Task to carry out
After locating the line with "of atomically dispersed", set down that line and all the lines that follow it, unchanged, to the end of the records; omit the pictures.

Data to process
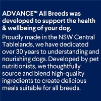 ADVANCE All Breeds Total Wellbeing for All Adult Dogs delivers optimal nutrition for Australian pets by combining global science with local expertise and select natural ingredients. ADVANCE products are uniquely formulated for Australian pets.
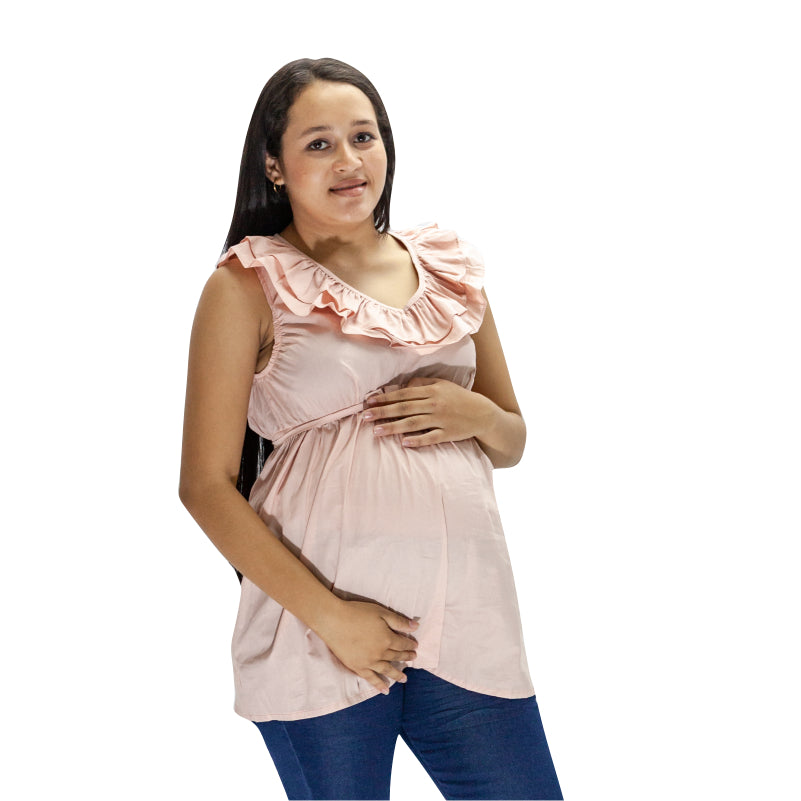Blusa materna unicolor sin mangas y cuello estilo boleros. Cintura ajustable con lazo. Elaborada en tela suave para mayor frescura y comodidad.
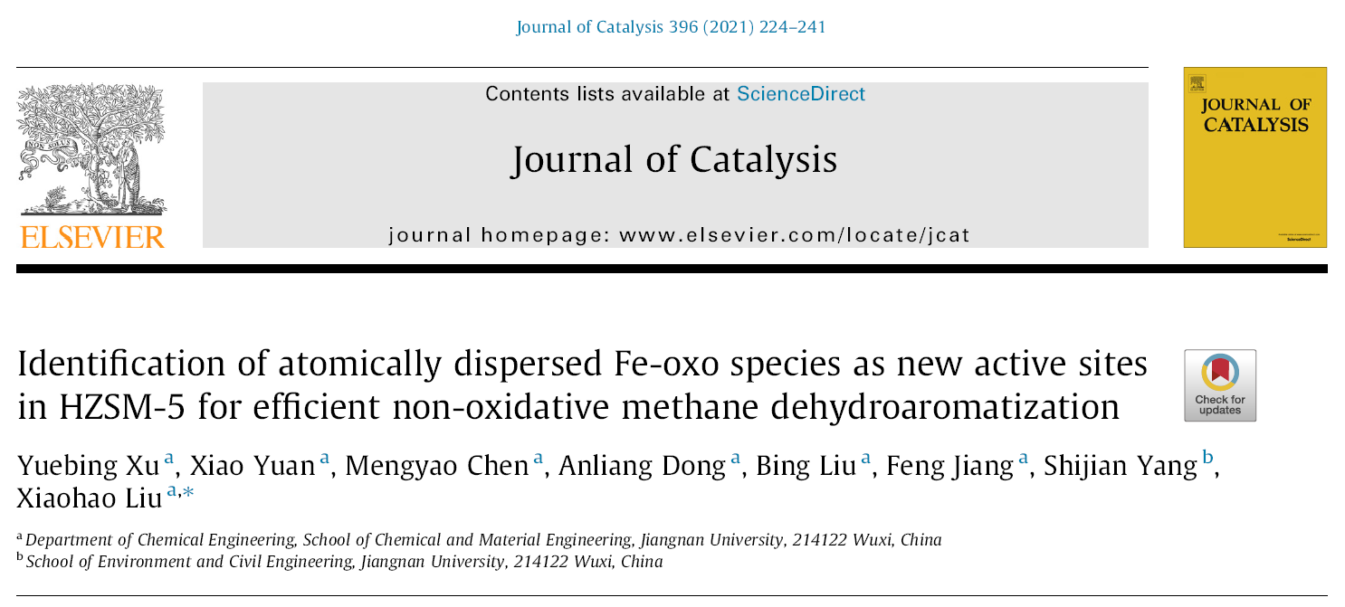 近日,我校化工学院刘小浩教授团队在揭示甲烷无氧催化转化制芳烃的新的活性中心的研究中取得重要进展,研究成果以题为“Identification of atomically dispersed Fe-oxo species as new active sites in HZSM-5 for efficient non-oxidative methane dehydroaromatization”发表在催化领域权威期刊Journal of CatalysisJ. Catal.,2021,396, 224-241)。该论文化工学院胥月兵副教授为第一作者,刘小浩教授为通讯作者。
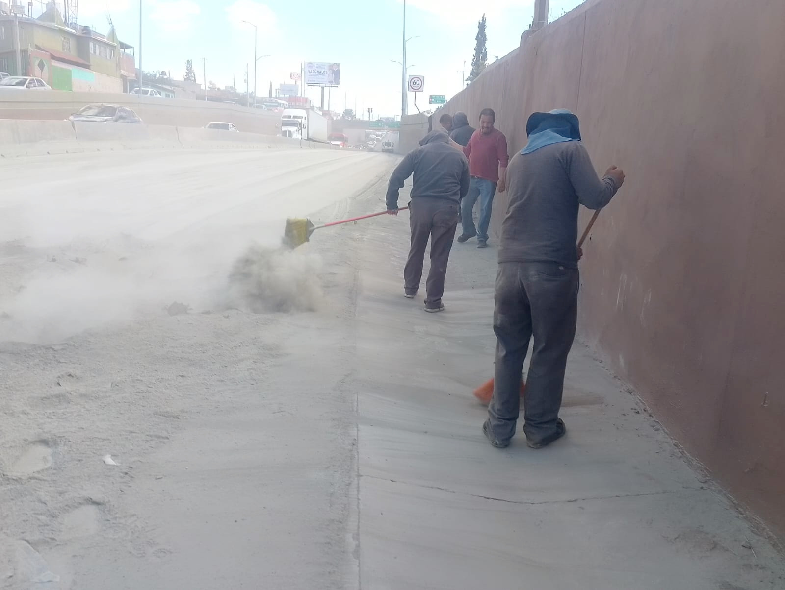 El Gobierno Municipal, a través de la Dirección de Servicios Públicos Municipales, trabaja en la limpieza del cemento que un camión tiró en el periférico de la Juventud, a la altura de la colonia Campesina.
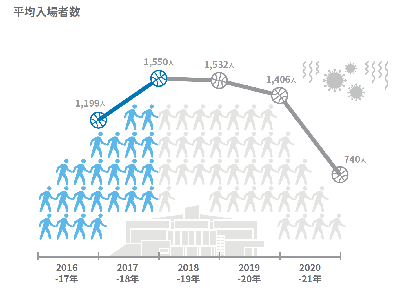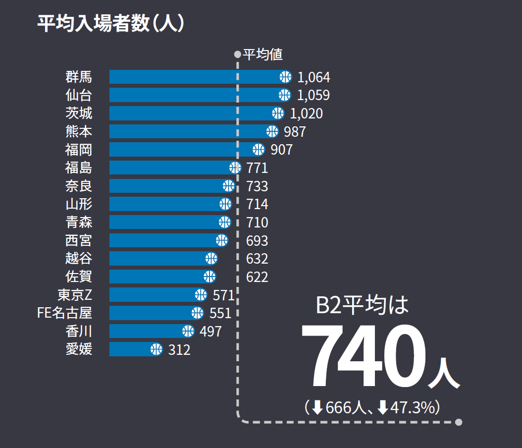 2020年シーズンにおけるB2の平均は前年比▲666人(▲47.3%)の740人となりました。

Result of the exercise
 近日,我校化工学院刘小浩教授团队在揭示甲烷无氧催化转化制芳烃的新的活性中心的研究中取得重要进展,研究成果以题为“Identification of atomically dispersed Fe-oxo species as new active sites in HZSM-5 for efficient non-oxidative methane dehydroaromatization”发表在催化领域权威期刊Journal of CatalysisJ. Catal.,2021,396, 224-241)。该论文化工学院胥月兵副教授为第一作者,刘小浩教授为通讯作者。
 El Gobierno Municipal, a través de la Dirección de Servicios Públicos Municipales, trabaja en la limpieza del cemento que un camión tiró en el periférico de la Juventud, a la altura de la colonia Campesina.
 2020年シーズンにおけるB2の平均は前年比▲666人(▲47.3%)の740人となりました。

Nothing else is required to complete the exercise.